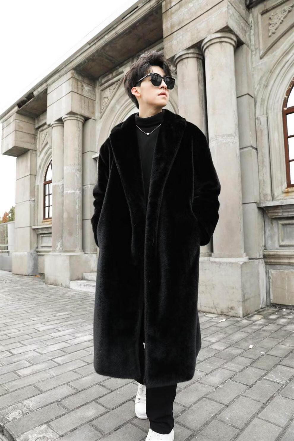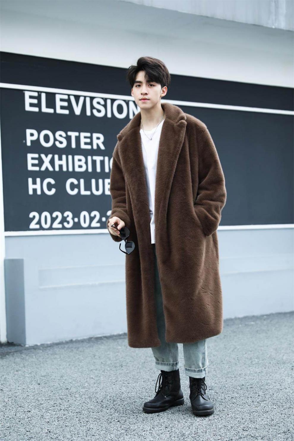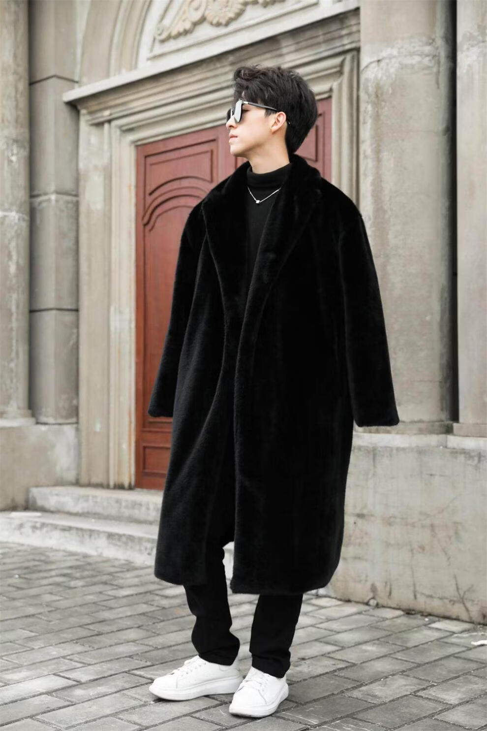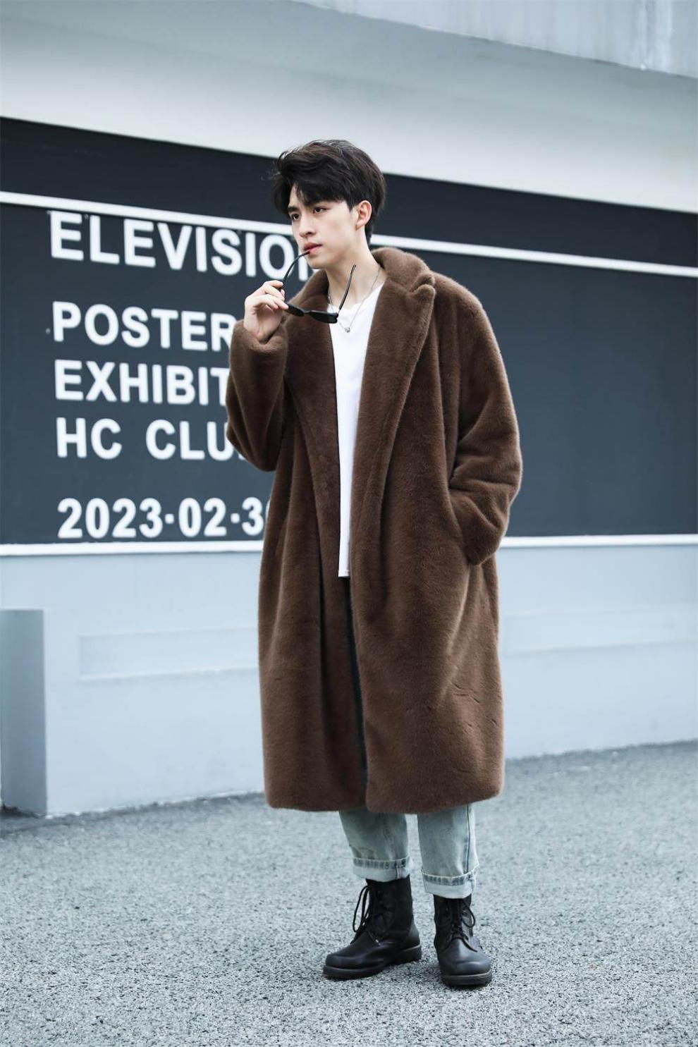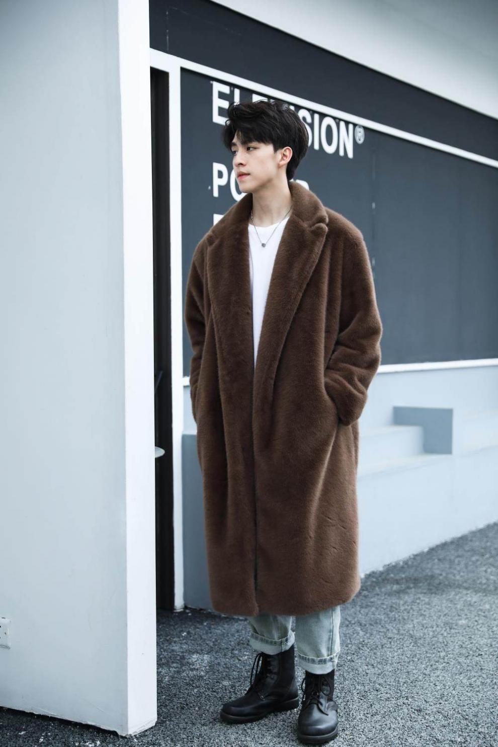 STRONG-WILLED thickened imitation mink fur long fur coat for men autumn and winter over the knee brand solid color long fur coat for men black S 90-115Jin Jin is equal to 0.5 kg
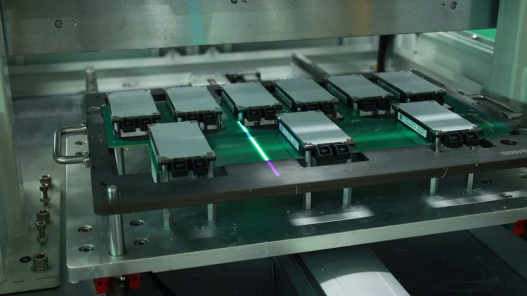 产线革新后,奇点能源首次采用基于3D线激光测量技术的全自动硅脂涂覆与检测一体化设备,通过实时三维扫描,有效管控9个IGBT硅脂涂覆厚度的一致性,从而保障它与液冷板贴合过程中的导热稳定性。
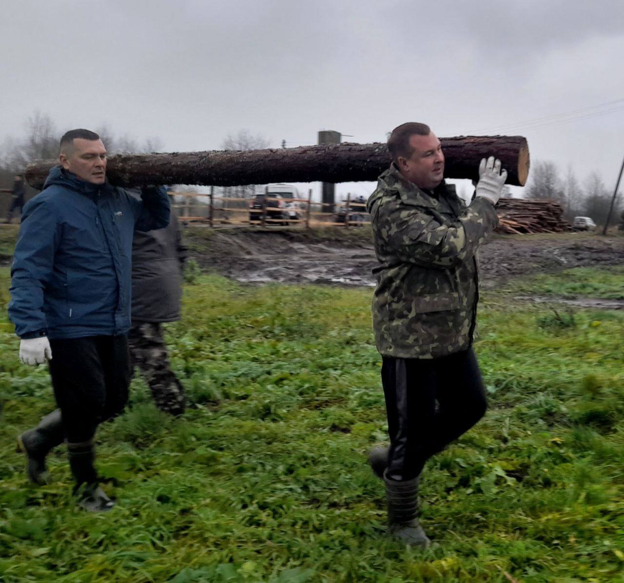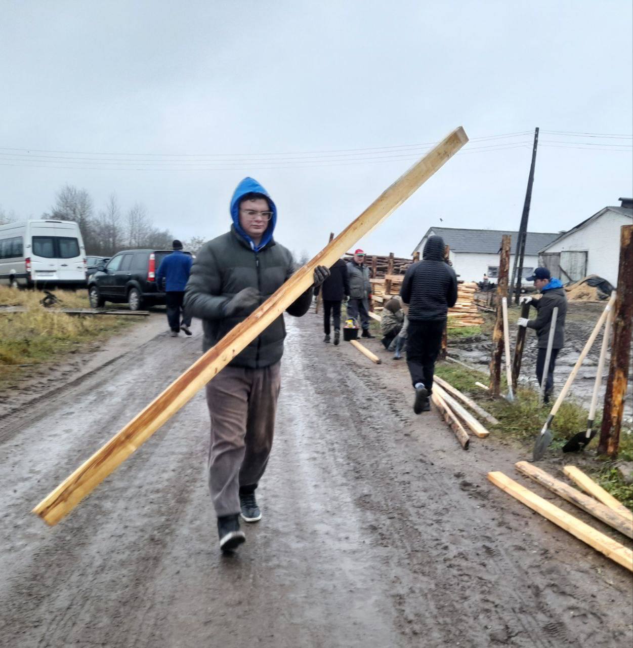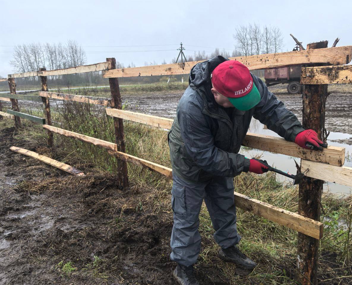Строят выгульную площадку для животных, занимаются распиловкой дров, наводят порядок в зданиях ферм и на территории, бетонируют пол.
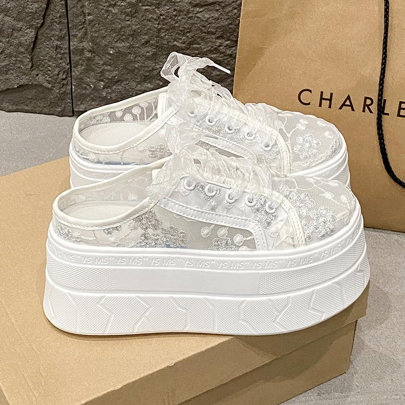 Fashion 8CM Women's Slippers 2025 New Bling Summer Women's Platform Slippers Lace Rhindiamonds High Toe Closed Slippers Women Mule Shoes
* * * * * * * * *
■ WHAT THE EXERCISE ASKS:
Starting with the line that contains "Строят выгульную площадку", copy every line word for word through the end of the listing above, but leave out the pictures.

■ YOUR SOLUTION:
Строят выгульную площадку для животных, занимаются распиловкой дров, наводят порядок в зданиях ферм и на территории, бетонируют пол.
 Fashion 8CM Women's Slippers 2025 New Bling Summer Women's Platform Slippers Lace Rhindiamonds High Toe Closed Slippers Women Mule Shoes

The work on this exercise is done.